The Museum of Cluj-Napoca or National Art Museum, Cluj-Napoca, is an art museum housed in an important eighteenth-century Baroque building, the Cluj-Napoca Bánffy Palace, designed by German architect Johann Eberhard Blaumann. The museum possesses a very valuable collection of Romanian and European art: paintings, graphics and decorative art ranging from the Fifteenth Century to the Twentieth.

==History==
Founded in 1951, the museum incorporated some older collections: a small part of the collection of curiosities, cutlery, furniture and European fine art from the Transylvanian Museum (Muzeul Ardelean) and especially the collection known as the Pinacoteca Virgil Cioflec.

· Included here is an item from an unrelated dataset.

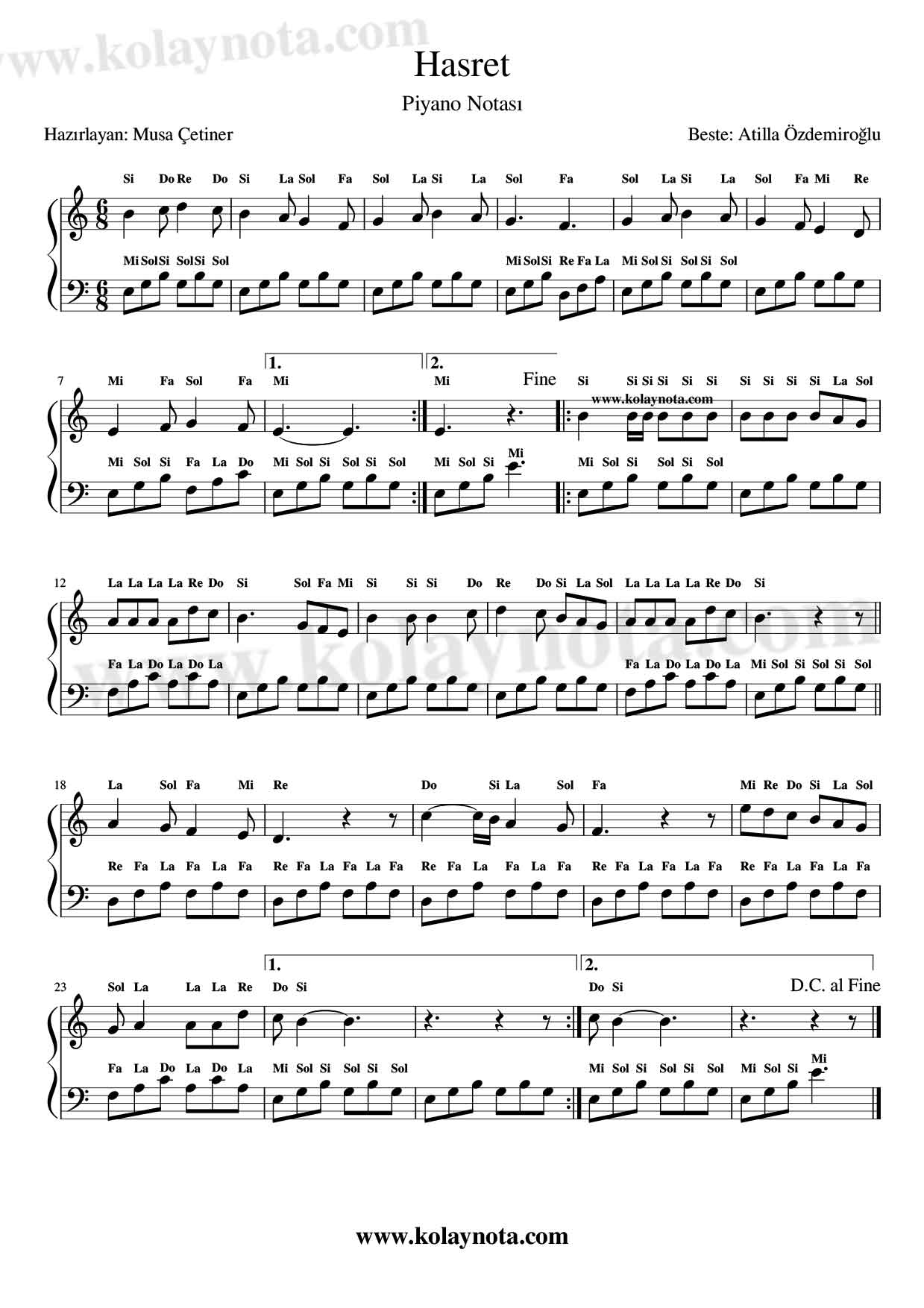 Sezen Aksu’nun Hasret şarkısını akor eşlikli olarak düzenledim. Aşağıdaki bağlantıdan çalınış videosuna da ulaşabilirsiniz. Başarılar.

Virgil Cioflec (1876–1948), authored monographs dedicated to painters Stefan Luchian (1924) and Nicolae Grigorescu (1925), as well as some published writings about art, and brought together a collection of great significance for the life of interwar Cluj. He donated his Romanian art collection to Cluj University between 1929 and 1930. The Virgil Cioflec Art Gallery opened to the public in 1933, the first Romanian modern art museum in Cluj. Its collection eventually became the core of the present-day museum.

Since 1951, the Art Museum in Cluj has housed works by artists Nicolae Grigorescu, Stefan Luchian, Dimitrie Paciurea, Theodor Pallady, Camil Ressu, Vasile Popescu, and others, arranged over 20 rooms. The exhibition presents works by artists less known in Transylvania in the eighteenth and nineteenth centuries, namely an important collection of works of great value belonging to the Baia Mare school of painting.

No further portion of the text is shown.